One day, Karen bought 22 random cans of soup from a grocery store. Suppose that 5% of cans sold at that particular grocery store are dented, and assume the store's inventory is large enough that no individual customer's purchase affects the dent rate for the remaining cans. What is the probability that Karen has bought at least one dented can

Answer 1

Probability that Karen has bought at least one dented can is 0.6765.

Explanation:

We are given that Karen bought 22 random cans of soup from a grocery store. Suppose that 5% of cans sold at that particular grocery store are dented, and assume the store's inventory is large enough that no individual customer's purchase affects the dent rate for the remaining cans.

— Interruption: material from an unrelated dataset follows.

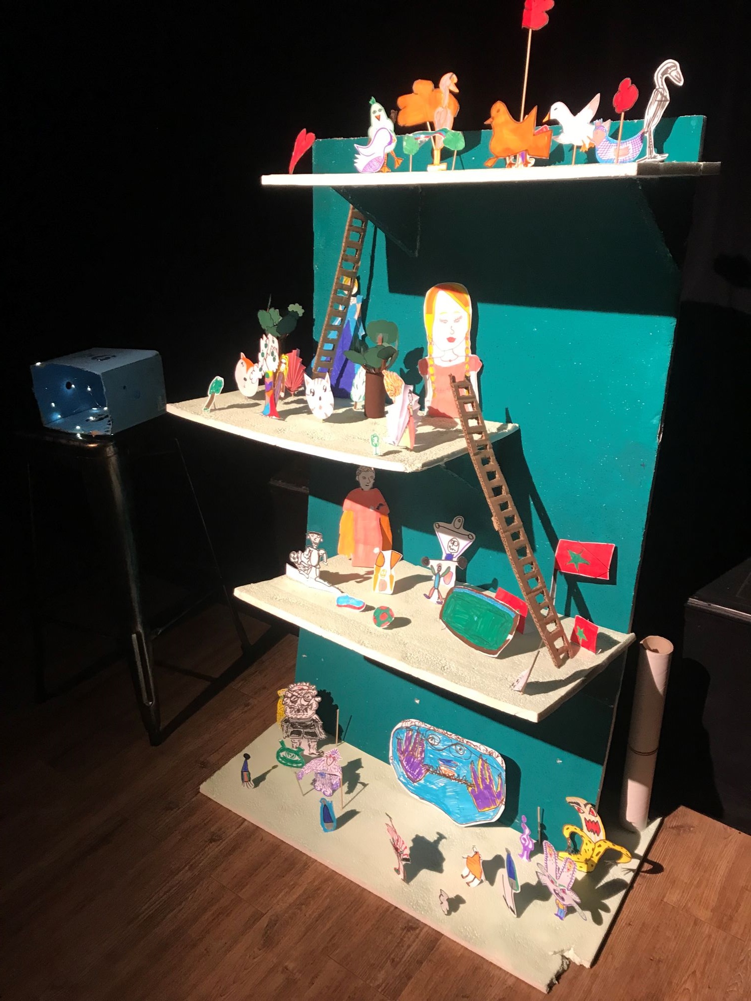 Pendant une semaine, les enfants du bidonville du Bonnier et les enfants fréquentant l'IPEICC ont construit une Maison sonorisée à ras bord, où notre pauvre facteur déambule du sous-sol au ciel et aux oiseaux, sans oublier la Pièce Cachée qui contient tous nos trésors.

The above situation can be represented through Binomial distribution;

`P(X=r) = \binom{n}{r}p^(r) (1-p)^(n-r) ; x = 0,1,2,3,.....`

where, n = number of trials (samples) taken = 22 cans

r = number of success = at least one

p = probability of success which in our question is % cans sold at

that particular grocery store that are dented, i.e; 5%

LET X = Number of cans that are dented

So, it means X ~
`Binom(n=22, p=0.05)`

Now, Probability that Karen has bought at least one dented can = P(X
`\geq` 1)

P(X
`\geq` 1) = 1 - Probability that no cans are dented

= 1 - P(X = 0)

= 1 -
`\binom{22}{0}0.05^(0) (1-0.05)^(22-0)`

=
`1-(1 * 1 * 0.95^(22))`

= 1 - 0.3235 = 0.6765

Therefore, Probability that Karen has bought at least one dented can is 0.6765.

Answer 2

0.6765 = 67.65%

Explanation:

This situation can be treated as a binomial model with probability of success (dented can) of p = 0.05.

In 22 random trials, the probability of at least one success is determined by:

`P(X>1) = 1-P(X=0)\\P(X>1) = 1 - (1-p)^(22)\\P(X>1) = 1 - (1-0.05)^(22)\\P(X>1) =0.6765`

The probability that Karen has bought at least one dented can is 0.6765 or 67.65%.